AD values are a bit out, eg 80/27 vs 57/18 or 136/9 vs 93/8.  However
the evidence is still the same which is that rg0 has a much higher
proportio of ALT than rg1 or 2, so it seems logical that rg0 is called
and rg1/2 may not be depending on options.

indels-2.0 is adamant and dead certain on PL values, while indels-cns
is more ambivalent about rg0/1 and only certain (REF) on rg2.

Do we know the actual truth here anyway?  My guess is all 3 are false,
rather than all 3 being true.

-----------------------------------------------------------------------------

indels/sars-cov-depth.bam

HOM DEL, depth 32.

All reads end close to the deletion, so may trigger suspicion in
callers.  4 start very close to deletion too and/or have big
soft-clips.  Still, I'd expect AD of 0,28 at least.

Cured with mpileup -A which gives AD 0,29. (Lack of PROPER_PAIR flag)
Also should use "--ns UNMAP,SECONDARY,QCFAIL" for this data.

-----------------------------------------------------------------------------

pacbio/pacbio-puzzling.bam

Ref  43 (called 30)
+1C  11 (called 13)

+1C all have low conf 1-2bp further on, unlike ref. => FP
Shouldn't call, but we give it qual 13 so it's marginal anyway.

Could consider a lower "-o" param.
Can also consider more aggressive seqQ reduction in --poly-mqual.  Eg:

    seqQ   += MIN(qavg/20,  min_q - qavg/5); // was qavg/10

Both need to be considered in view of FP vs FN however.

The other potential fix is correlation of minimum run-quality between
alleles.  Eg allele 1 has average min_q of 10 while allele 2 has
average min_q of 50 => probable error in separating into two alleles.
jkbonfield commented 6 months ago

I'll also add that after several days of analysing this, I still believe fundamentally this isn't a useful strategy to take.
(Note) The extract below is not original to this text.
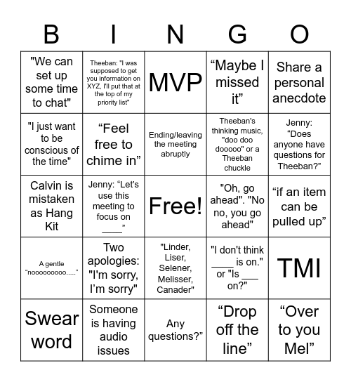 This bingo card has a free space and 24 words: Two apologies: "I'm sorry, I’m sorry", Someone is having audio issues, Ending/leaving the meeting abruptly, Swear word, Share a personal anecdote, "We can set up some time to chat", "I just want to be conscious of the time", Theeban: "I was supposed to get you information on XYZ, I'll put that at the top of my priority list", "Oh, go ahead". "No no, you go ahead", "Linder, Liser, Selener, Melisser, Canader", Theeban's thinking music, "doo doo dooooo" or a Theeban chuckle, Calvin is mistaken as Hang Kit, "I don't think ____ is on." or "Is ___ on?", TMI, “Feel free to chime in”, “Drop off the line”, “if an item can be pulled up”, MVP, Jenny: “Does anyone have questions for Theeban?”, Jenny: “Let’s use this meeting to focus on ____”, “Over to you Mel”, A gentle “nooooooooo.....”, “Maybe I missed it” and Any questions?”.

Hence I'm happy to report my findings to you so you can act on them as you wish, but I am not willing to put time and effort into making PRs because it doesn't fit my own personal testing methodology.

In attempting to fix specific issues found here, I nearly always made the overall performance of my branch get worse. Focusing on a few specific examples is therefore detrimental.

It's useful to know where the tool is working and where it isn't, but what works and what doesn't changes every time we modify the software. I've found it much easier to take the following strategy.

  1. Call a known truth set with current bcftools (eg HG002). Compare using bcftools isec to get correct, false positives and false negative sets. You can also split into alleles to handle the GT cases or compare GT separately to ensure the alleles are correctly recorded.

  2. Do the same with a modified bcftools.

  3. Then compare specific types of failure from 1 and 2 above. Eg do a bcftools isec on old-FP.vcf and new-FP.vcf to see which false positives we've fixed and which new ones we've now made. Similarly for false negatives.

  4. For any comparison in 3 above, subdivide into type of variant. Eg are insertions more error prone than deletions? Are we improving overall but at the detrimental cost of GT 1/2 calls? Etc. Basically we can profile the changes and get an overall view of what's going on, with statistically significant numbers rather than 1-2 specific tests designed to demonstrate a specific issue. This avoids over-correcting to a small hand-crafted training set.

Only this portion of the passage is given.